In the answer, each entry below appears exactly as given, and no picture appears at all.

Dataset excerpts:
○ ○ ○ ○ ○
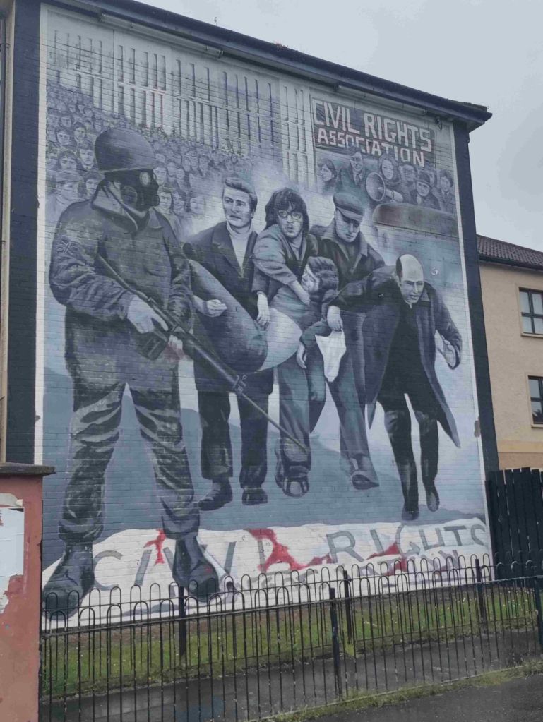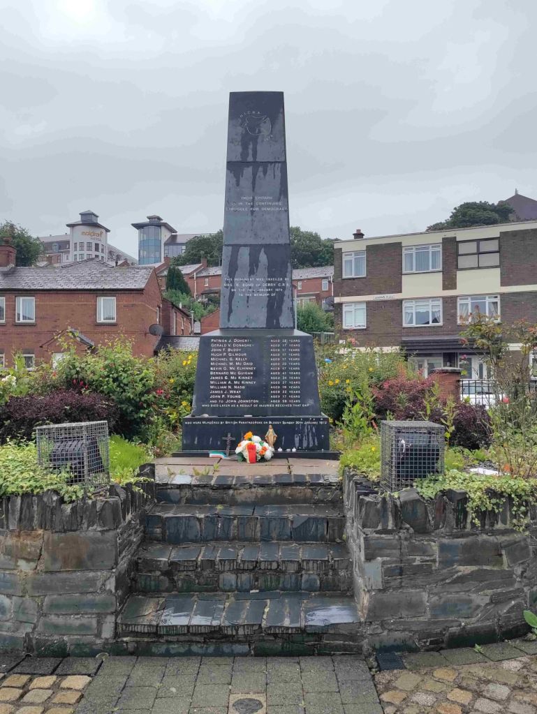 We leave the walls at Butcher Gate and walk to the Bogside where we visit The Bloody Sunday memorial, the H block memorial, the Free Derry Corner and the murals.
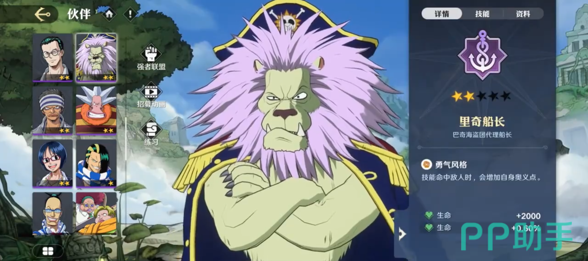 航海王壮志雄心里奇船长强不强?里奇船长其实是一只看起来憨憨的狮子,外形是狮子的他看起来非常的霸气,战斗风格也为勇气,有不少伙伴对这个狮子的技能机制比较好奇,想知道他的强度如何,接下来当然是满足大家的要求,详细来给小伙伴们阐述一下该角色的技能情况。
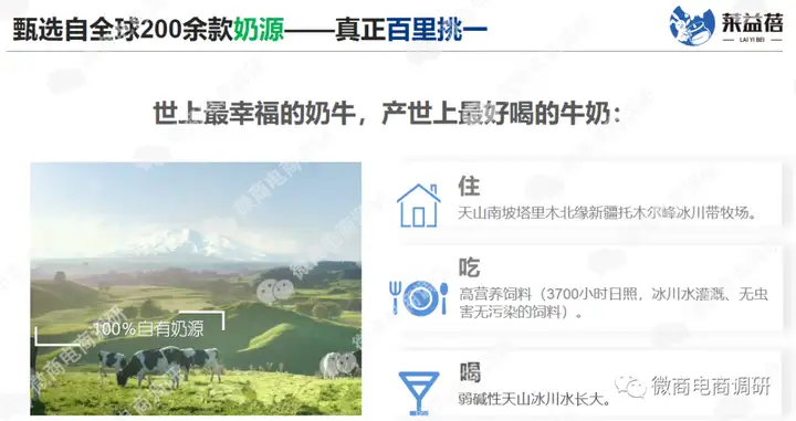 为了让网友信任莱益蓓酸奶奶源的高品质,推广人员提供的PPT资料还写有这样的广告语:“世上最幸福的奶牛,产世上最好喝的牛奶”。
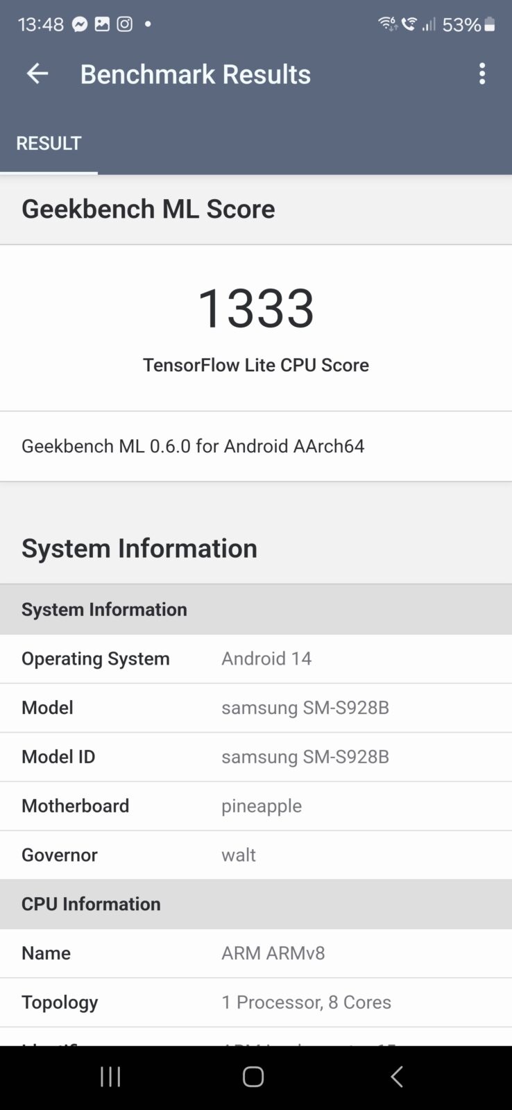 - Geekbench ML CPU: 1333 pkt
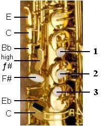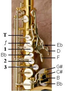Left Hand Main Keys1   · First Finger Key (B) 2   · Second Finger Key (A/C) 3   · Third Finger Key (G) f   · Front F Key The Front F key is the topmost left hand key and is pressed by the first finger. It was designed to provide an altissimo fingering for F6 as an alternate to using the palm keys. The key is used for various other altissimo fingerings as well. Bb   · Bb (Bis) Key The Bb key is pressed by the first finger to play first– or second–octave Bb in passages without B–naturals. It is located between the main keys for the first and second fingers.
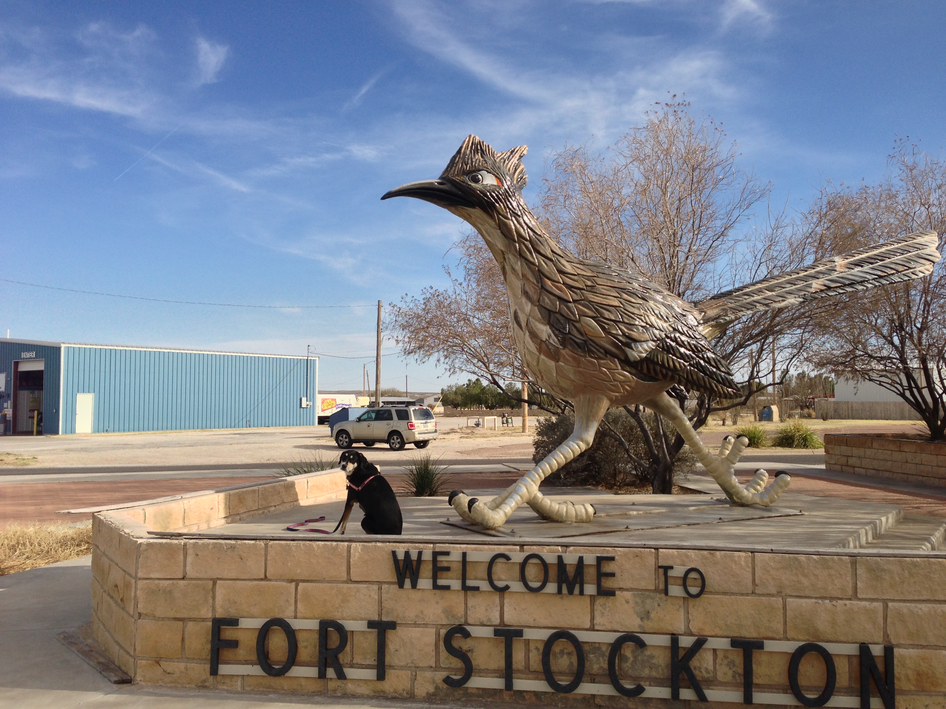 Right in the middle of Fort Stockton, there is a giant statute of a roadrunner. His name is Paisano Pete. As the Fort Stockton brochure informs me, “Paisano Pete, was erected in 1980 and declared the largest roadrunner in the world, at 11 feet tall and 22 feet long. Since that time a larger replica of a roadrunner has been constructed of recycled materials in New Mexico.” Remember this information, as it is important when looking at the next picture.
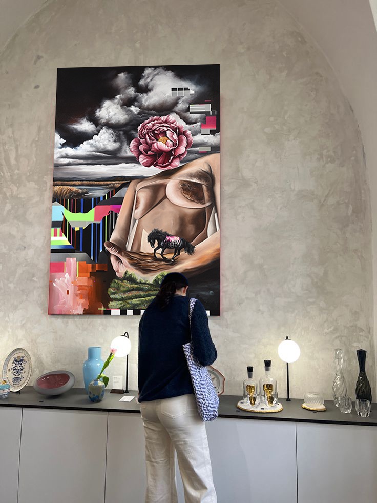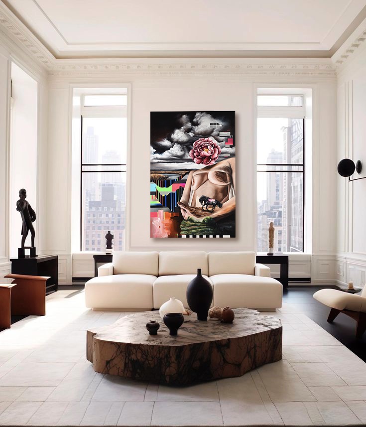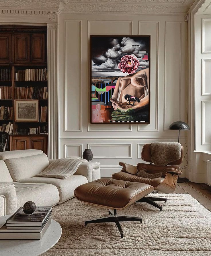 Почему это работает: контраст между мягкой, телесной чувственностью изображения и геометрией интерьера создаёт напряжение и глубину восприятия; картина задаёт сложный, взрослый и эмоционально насыщенный акцент в пространстве; идеально вписывается в журнальный материал о коллекционном искусстве нового времени, соединяя телесность, сюрреализм и цифровую эстетику. Это не просто декор. Это провокация, диалог и зеркало личных чувств, встроенное в интерьер
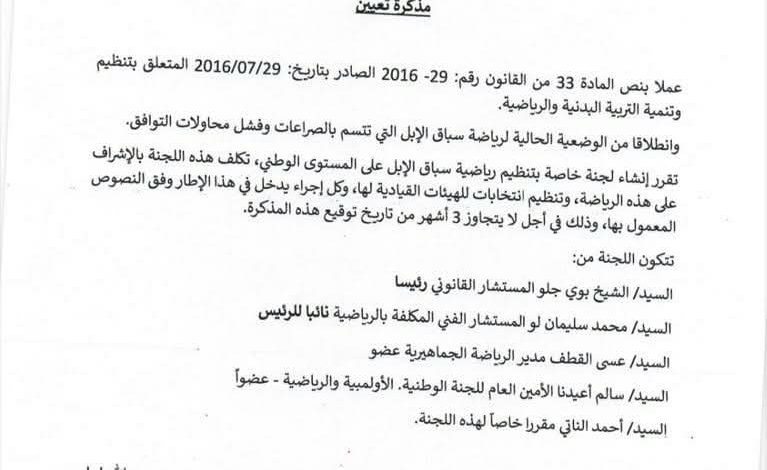 ويأتي هذا القرار – بحسب المذكرة رقم 000701 الصادرة في 20 أكتوبر 2025 – استنادًا إلى أحكام المادة 33 من القانون رقم 29-2016 المنظم للتربية البدنية والرياضية، ونظرًا لما تشهده ساحة سباق الإبل من خلافات وتعثر في محاولات التوافق.
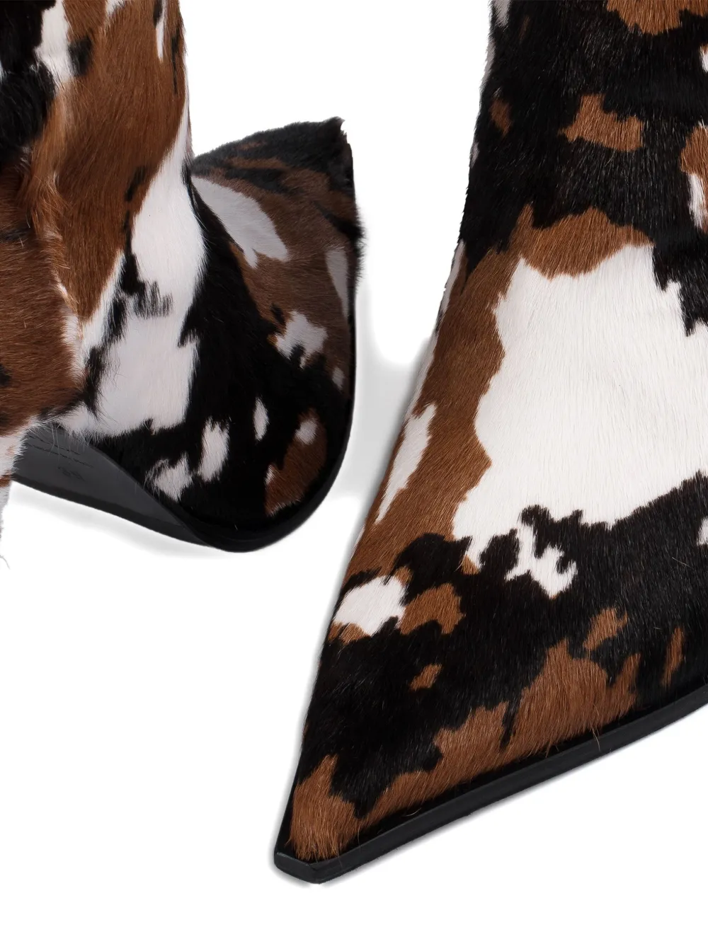 коричневая меховая текстура, острый носок, каблук 110 мм, ботфорты, узор по всей поверхности
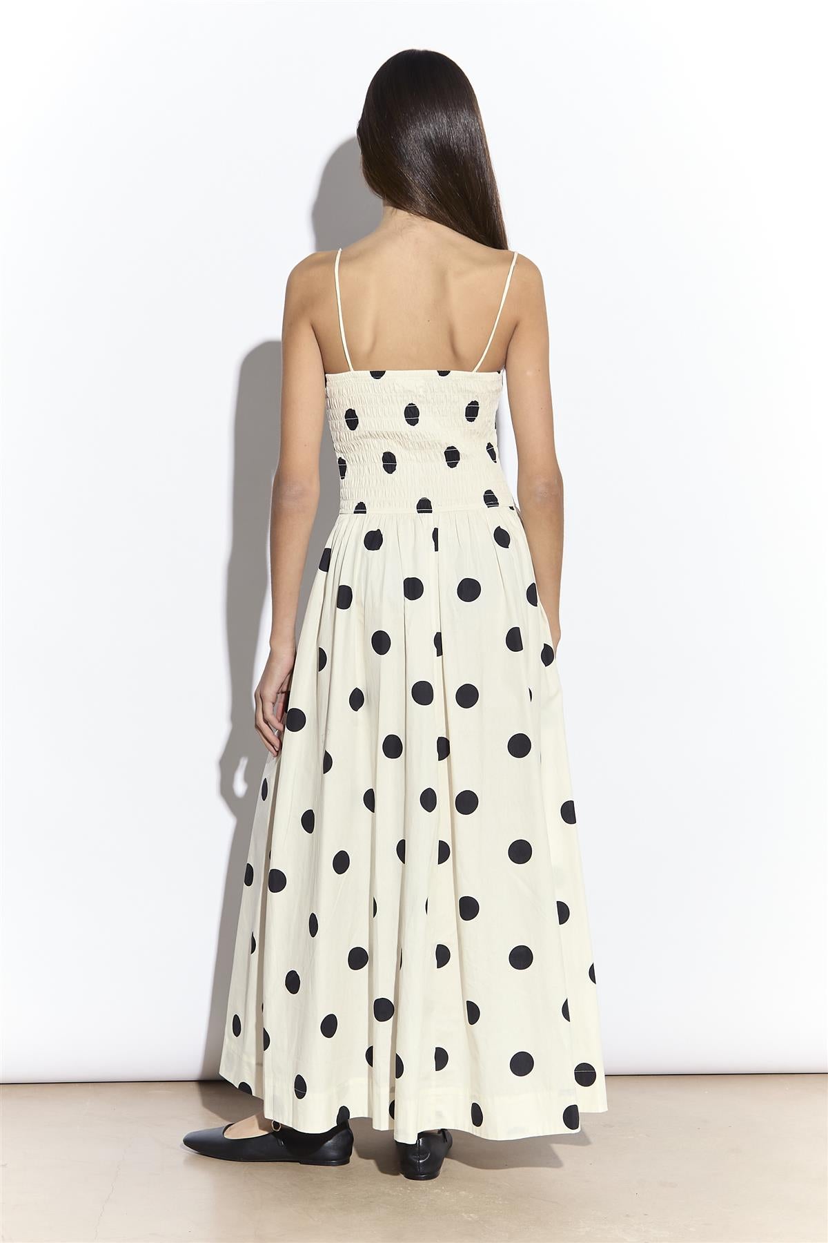 Narrated Women's Cream Spot Shirred Dropped Waist Midi Dress. Cream Spot. Soft shirring and subtle details come together beautifully in this midi dress, designed to flatter with ease and comfort. The elasticated smock bodice creates a gently fitted shape that moves effortlessly with you, while rouleau straps bring a delicate, feminine touch. Falling to a graceful midi length, the dropped waistline adds a relaxed feel that makes this style easy to wear and endlessly versatile. Whether dressed up or down, it offers a naturally elegant look that feels as good as it appears. Style with minimal jewellery and simple sandals for an understated finish.
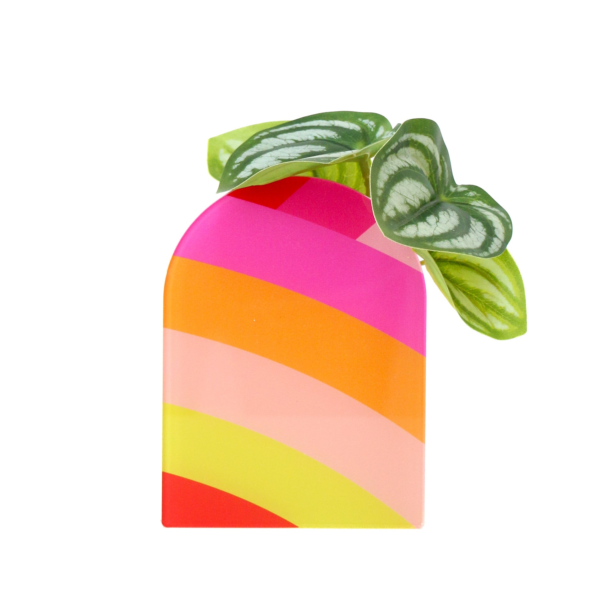 The cutest way to add a little bit of greenery or flowers to your space. These little planters feature a large clear acrylic propagation planter behind a decorative piece of patterned acrylic. Works perfect as a mini bud vase for real or faux florals too! Propagation container measures 2.75" by 4", decorative piece measures 4.25" by 5.5". Decorative acrylic piece is on the front only so all sides are exposed to light for the best propagating conditions. Please note that pattern placement on this design will vary.
○ ○ ○ ○ ○
Finished exercise:
 We leave the walls at Butcher Gate and walk to the Bogside where we visit The Bloody Sunday memorial, the H block memorial, the Free Derry Corner and the murals.
 航海王壮志雄心里奇船长强不强?里奇船长其实是一只看起来憨憨的狮子,外形是狮子的他看起来非常的霸气,战斗风格也为勇气,有不少伙伴对这个狮子的技能机制比较好奇,想知道他的强度如何,接下来当然是满足大家的要求,详细来给小伙伴们阐述一下该角色的技能情况。
 为了让网友信任莱益蓓酸奶奶源的高品质,推广人员提供的PPT资料还写有这样的广告语:“世上最幸福的奶牛,产世上最好喝的牛奶”。
 - Geekbench ML CPU: 1333 pkt
Left Hand Main Keys1   · First Finger Key (B) 2   · Second Finger Key (A/C) 3   · Third Finger Key (G) f   · Front F Key The Front F key is the topmost left hand key and is pressed by the first finger. It was designed to provide an altissimo fingering for F6 as an alternate to using the palm keys. The key is used for various other altissimo fingerings as well. Bb   · Bb (Bis) Key The Bb key is pressed by the first finger to play first– or second–octave Bb in passages without B–naturals. It is located between the main keys for the first and second fingers.
 Right in the middle of Fort Stockton, there is a giant statute of a roadrunner. His name is Paisano Pete. As the Fort Stockton brochure informs me, “Paisano Pete, was erected in 1980 and declared the largest roadrunner in the world, at 11 feet tall and 22 feet long. Since that time a larger replica of a roadrunner has been constructed of recycled materials in New Mexico.” Remember this information, as it is important when looking at the next picture.
 Почему это работает: контраст между мягкой, телесной чувственностью изображения и геометрией интерьера создаёт напряжение и глубину восприятия; картина задаёт сложный, взрослый и эмоционально насыщенный акцент в пространстве; идеально вписывается в журнальный материал о коллекционном искусстве нового времени, соединяя телесность, сюрреализм и цифровую эстетику. Это не просто декор. Это провокация, диалог и зеркало личных чувств, встроенное в интерьер
 ويأتي هذا القرار – بحسب المذكرة رقم 000701 الصادرة في 20 أكتوبر 2025 – استنادًا إلى أحكام المادة 33 من القانون رقم 29-2016 المنظم للتربية البدنية والرياضية، ونظرًا لما تشهده ساحة سباق الإبل من خلافات وتعثر في محاولات التوافق.
 коричневая меховая текстура, острый носок, каблук 110 мм, ботфорты, узор по всей поверхности
 Narrated Women's Cream Spot Shirred Dropped Waist Midi Dress. Cream Spot. Soft shirring and subtle details come together beautifully in this midi dress, designed to flatter with ease and comfort. The elasticated smock bodice creates a gently fitted shape that moves effortlessly with you, while rouleau straps bring a delicate, feminine touch. Falling to a graceful midi length, the dropped waistline adds a relaxed feel that makes this style easy to wear and endlessly versatile. Whether dressed up or down, it offers a naturally elegant look that feels as good as it appears. Style with minimal jewellery and simple sandals for an understated finish.
 The cutest way to add a little bit of greenery or flowers to your space. These little planters feature a large clear acrylic propagation planter behind a decorative piece of patterned acrylic. Works perfect as a mini bud vase for real or faux florals too! Propagation container measures 2.75" by 4", decorative piece measures 4.25" by 5.5". Decorative acrylic piece is on the front only so all sides are exposed to light for the best propagating conditions. Please note that pattern placement on this design will vary.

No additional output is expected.